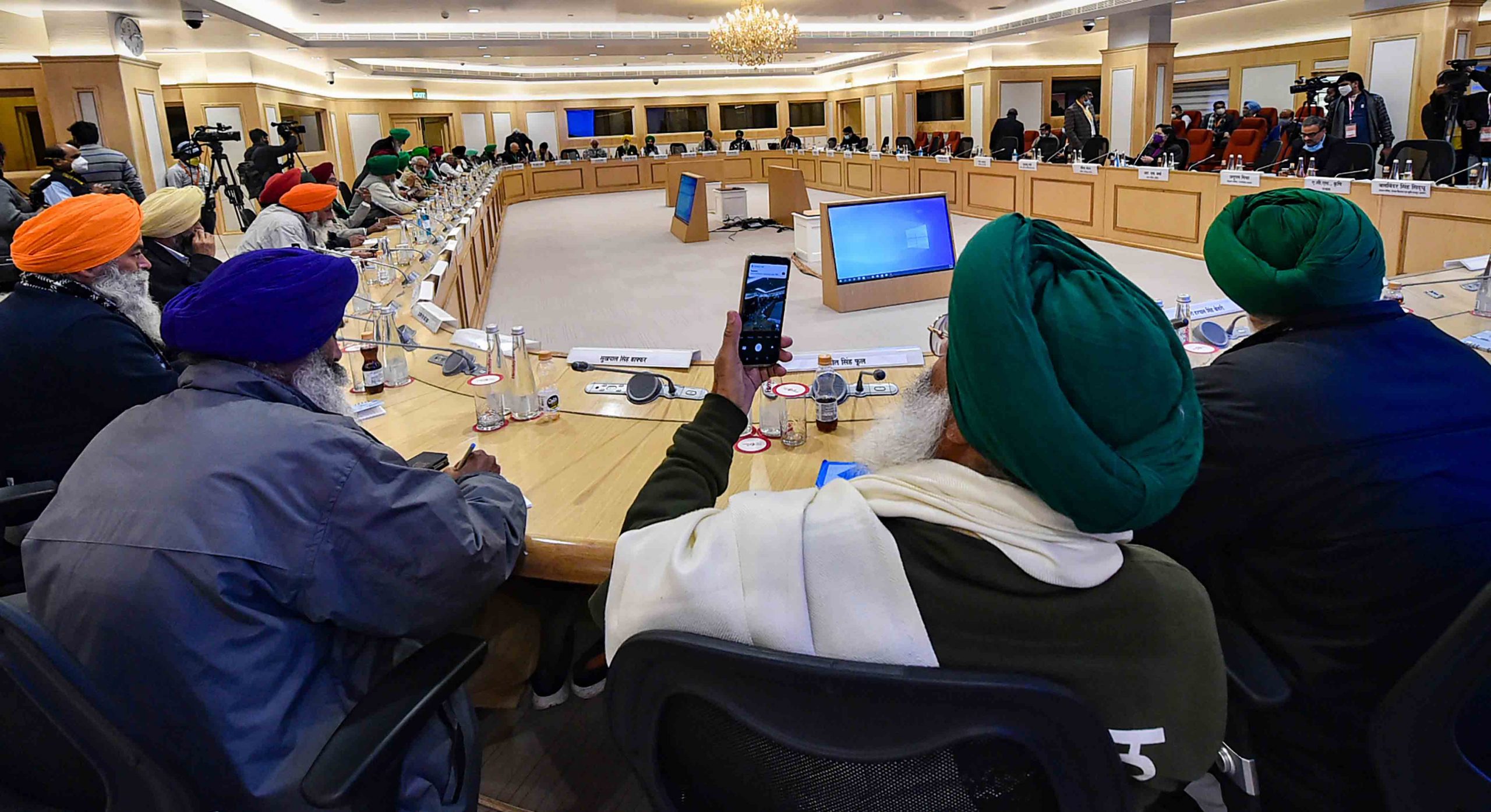 Union Agriculture Minister Narendra Singh Tomar, Railways, Commerce and Food Minister Piyush Goyal and Minister of State for Commerce Som Parkash, who is an MP from Punjab, are holding the talks with the representatives of 41 farmer unions at the Vigyan Bhawan.
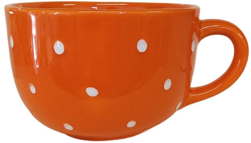 Narancs alapon fehér pöttyös Jumbo bögre Termék adatai Anyaga: kerámia Szín: narancs Bevonat: Károsanyag mentes, fényes máz. Készült: Égetéssel 1030 C-on Űrméret: 6,5 dl Mosogatógépben és mikróban is használható. Termék adatai Anyaga: kerámia Szín: narancs Bevonat: Károsanyag mentes, fényes máz. Készült: Égetéssel 1030 C-on Űrméret: 6,5 dl Minden egyes darab egyed
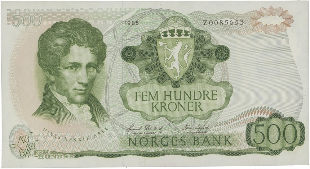 500 kroner 1985. Z0085653. Erstatningsseddel/replacement note.
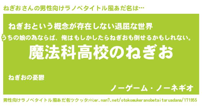 | ヒーロー風カッコイイあだ名 | 『超時空戦士ネギオ』『ネオネギオ』 |
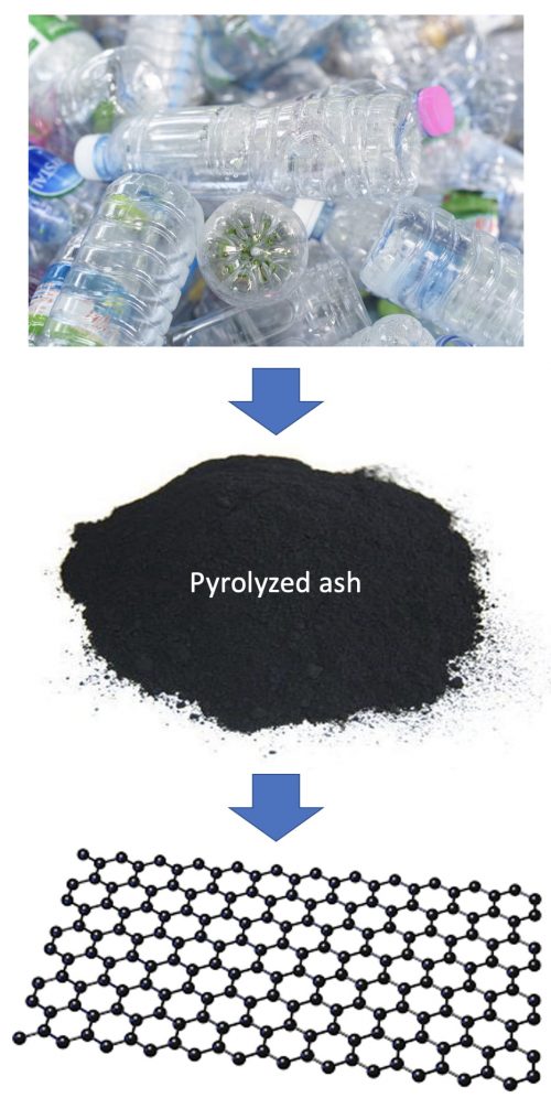 “This work enhances the circular economy for plastics,” Tour said. “So much plastic waste is subject to pyrolysis in an effort to convert it back to monomers and oils. The monomers are used in repolymerization to make new plastics, and the oils are used in a variety of other applications.  But there is always a remaining 10% to 20% ash that’s valueless and is generally sent to landfills.

--- Work instruction ---
The whole listing should be printed again exactly as written, images excluded.

--- The answer ---
 Union Agriculture Minister Narendra Singh Tomar, Railways, Commerce and Food Minister Piyush Goyal and Minister of State for Commerce Som Parkash, who is an MP from Punjab, are holding the talks with the representatives of 41 farmer unions at the Vigyan Bhawan.
 Narancs alapon fehér pöttyös Jumbo bögre Termék adatai Anyaga: kerámia Szín: narancs Bevonat: Károsanyag mentes, fényes máz. Készült: Égetéssel 1030 C-on Űrméret: 6,5 dl Mosogatógépben és mikróban is használható. Termék adatai Anyaga: kerámia Szín: narancs Bevonat: Károsanyag mentes, fényes máz. Készült: Égetéssel 1030 C-on Űrméret: 6,5 dl Minden egyes darab egyed
 500 kroner 1985. Z0085653. Erstatningsseddel/replacement note.
 | ヒーロー風カッコイイあだ名 | 『超時空戦士ネギオ』『ネオネギオ』 |
 “This work enhances the circular economy for plastics,” Tour said. “So much plastic waste is subject to pyrolysis in an effort to convert it back to monomers and oils. The monomers are used in repolymerization to make new plastics, and the oils are used in a variety of other applications.  But there is always a remaining 10% to 20% ash that’s valueless and is generally sent to landfills.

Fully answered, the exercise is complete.